__The task__. Reproduce the listing word for word. Skip any image.
-- -- --
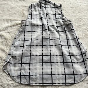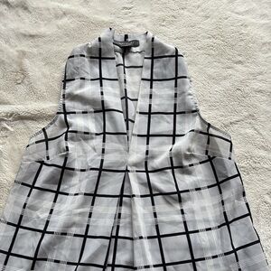 Add a chic edge to your wardrobe with this lightweight sheer sleeveless top by Suzy. Featuring a timeless black and white plaid print, this top offers a flowy silhouette and a flattering deep V-neckline that’s perfect for layering over a bralette, bandeau, or fitted tank. The semi-sheer chiffon-like fabric gives it an airy, effortless vibe, ideal for both casual days and dressy nights.
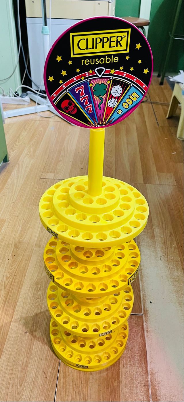 Dettagli del prodottoEspositore per accendini Clipper completo di 4 piani da 48 posti, base girevole e puntale Clipper Misure del prodotto
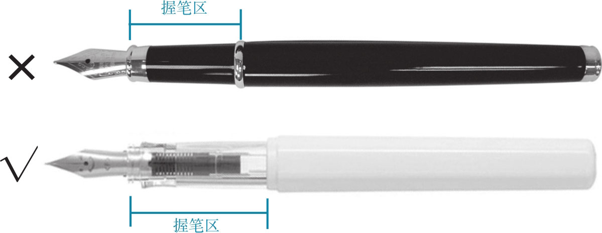 此外,握笔区域的长短也有讲究。绘画用钢笔要选择握笔区域较长的笔杆,如图1-12所示,否则,绘画时容易显得局促。
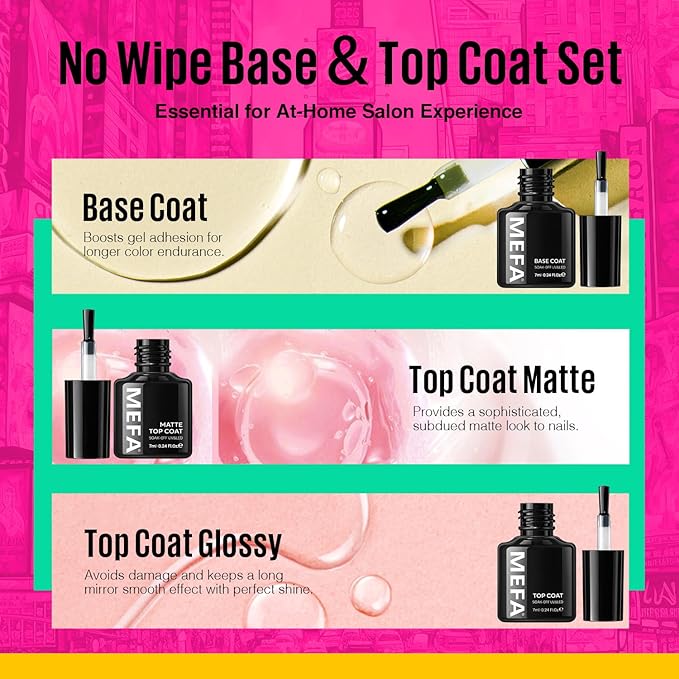 • Healthy Formulation: With upgraded, natural ingredients, this kit ensures nail safety and smooth gel application; it's convenient and healthy; the gel nail polish texture is sleek, brush stroke-free, effortlessly self-leveling without air bubbles
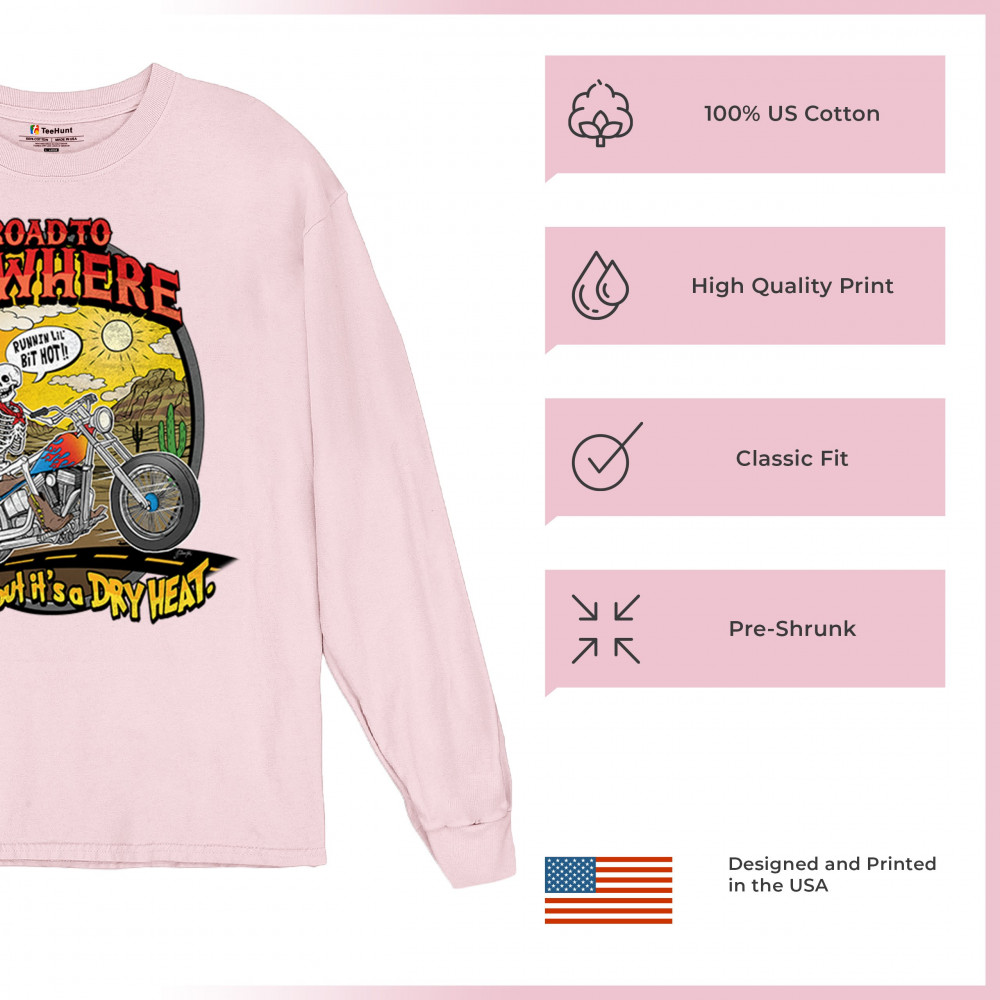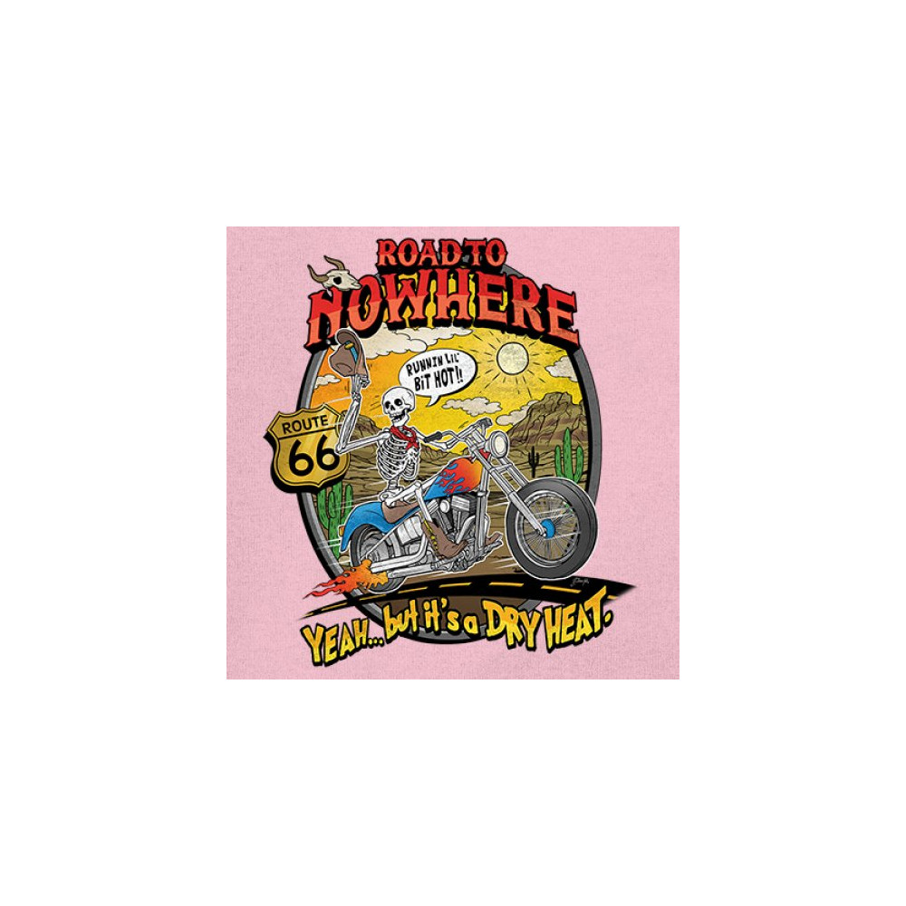 Our 'Road to Nowhere' tee is a salute to the thrill-seekers and the heat-bravers. Adorned with a bold skeleton cruising down Route 66, it embodies the spirit of adventure with a touch of playful defiance. A statement piece for anyone who lives for the ride and laughs in the face of danger. Join the ride into the sunset with this daring design.
-- -- --
__Task answer__.
 Add a chic edge to your wardrobe with this lightweight sheer sleeveless top by Suzy. Featuring a timeless black and white plaid print, this top offers a flowy silhouette and a flattering deep V-neckline that’s perfect for layering over a bralette, bandeau, or fitted tank. The semi-sheer chiffon-like fabric gives it an airy, effortless vibe, ideal for both casual days and dressy nights.
 Dettagli del prodottoEspositore per accendini Clipper completo di 4 piani da 48 posti, base girevole e puntale Clipper Misure del prodotto
 此外,握笔区域的长短也有讲究。绘画用钢笔要选择握笔区域较长的笔杆,如图1-12所示,否则,绘画时容易显得局促。
 • Healthy Formulation: With upgraded, natural ingredients, this kit ensures nail safety and smooth gel application; it's convenient and healthy; the gel nail polish texture is sleek, brush stroke-free, effortlessly self-leveling without air bubbles
 Our 'Road to Nowhere' tee is a salute to the thrill-seekers and the heat-bravers. Adorned with a bold skeleton cruising down Route 66, it embodies the spirit of adventure with a touch of playful defiance. A statement piece for anyone who lives for the ride and laughs in the face of danger. Join the ride into the sunset with this daring design.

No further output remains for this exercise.